En Espagne comme en Italie la disponibilité de liquidités pour pouvoir réamorcer l’activité est le thème numéro 1 sur lesquels les entreprises souhaitent voir un impact. Elles sont conscientes que celle-ci aura des effets durables pour les plans de croissance et de développement dans les années à venir. 
Aussi, dans les deux pays, les préoccupations sont résolument tournées vers la trésorerie. Les liquidités sont un thème sur lequel les entreprises souhaitent que la crise ait eu un impact, afin de permettre l’accès facilité à des prêts bancaires.
La politique de déplacements et de mobilité géographique sera certainement affectée pour un certain temps, ce qu’anticipent les entrepreneurs espagnols. Enfin, le plan de continuité et le management des risques reste un thème central pour les années à venir. L’anticipation et la prévision restent au cœur des préoccupations afin de s’assurer de ne pas revivre un tel choc économique.

En Italie, des changements sont anticipés au niveau de la chaine logistique, sans doute en raison des restrictions de mobilité entre les pays et une relocalisation envisagée de la production dans certains secteurs. 
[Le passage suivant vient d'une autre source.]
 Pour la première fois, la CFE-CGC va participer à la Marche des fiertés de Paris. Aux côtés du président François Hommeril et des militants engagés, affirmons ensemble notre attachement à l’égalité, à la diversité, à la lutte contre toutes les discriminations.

Plus surprenant : les entreprises italiennes estiment que la crise du Covid-19 aura un effet durable sur le marketing et la communication externe. Pensent-ils que la communication sera encore davantage digitalisée ? Que le e-commerce prendra plus de poids par rapport au commerce traditionnel ? Ce sont des hypothèses plausibles. 
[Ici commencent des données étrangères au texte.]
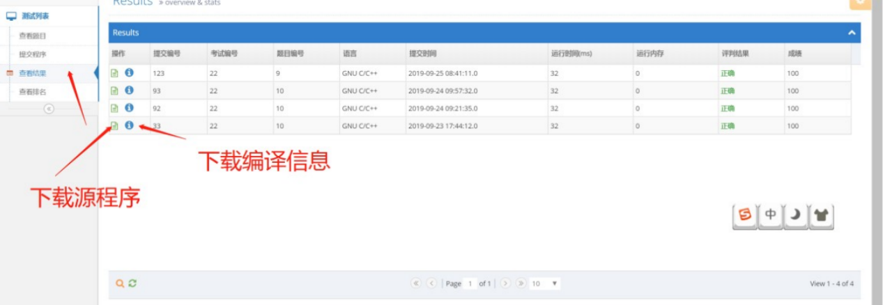 点击导航栏的“查看结果”菜单可以查看评判结果,如下图所示。

Les préoccupations de nos entreprises

Globalement, les préoccupations de nos entreprises françaises, espagnoles et italiennes se focalisent sur un point : l’incertitude et la capacité à se projeter dans l’avenir, “le manque de visibilité total qui est essentiel pour le pilotage de l'entreprise ».
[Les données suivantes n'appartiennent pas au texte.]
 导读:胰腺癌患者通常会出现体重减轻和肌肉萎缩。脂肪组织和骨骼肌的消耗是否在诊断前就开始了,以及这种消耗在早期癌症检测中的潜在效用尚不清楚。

Elles sont aussi nombreuses à se soucier de la façon de faire repartir leur activité, à travers une trésorerie suffisante, une demande au rendez-vous, des commandes que l’on puisse honorer, le maintien de l’emploi et la garantie d’une reprise dans des conditions de sécurité sanitaires convenables. 
En Espagne et en Italie, nous avons noté une certaine défiance vis-à-vis de la gestion de la crise par les gouvernements, ce qui est peut-être moins le cas en France où des annonces été formulées assez tôt dans le calendrier.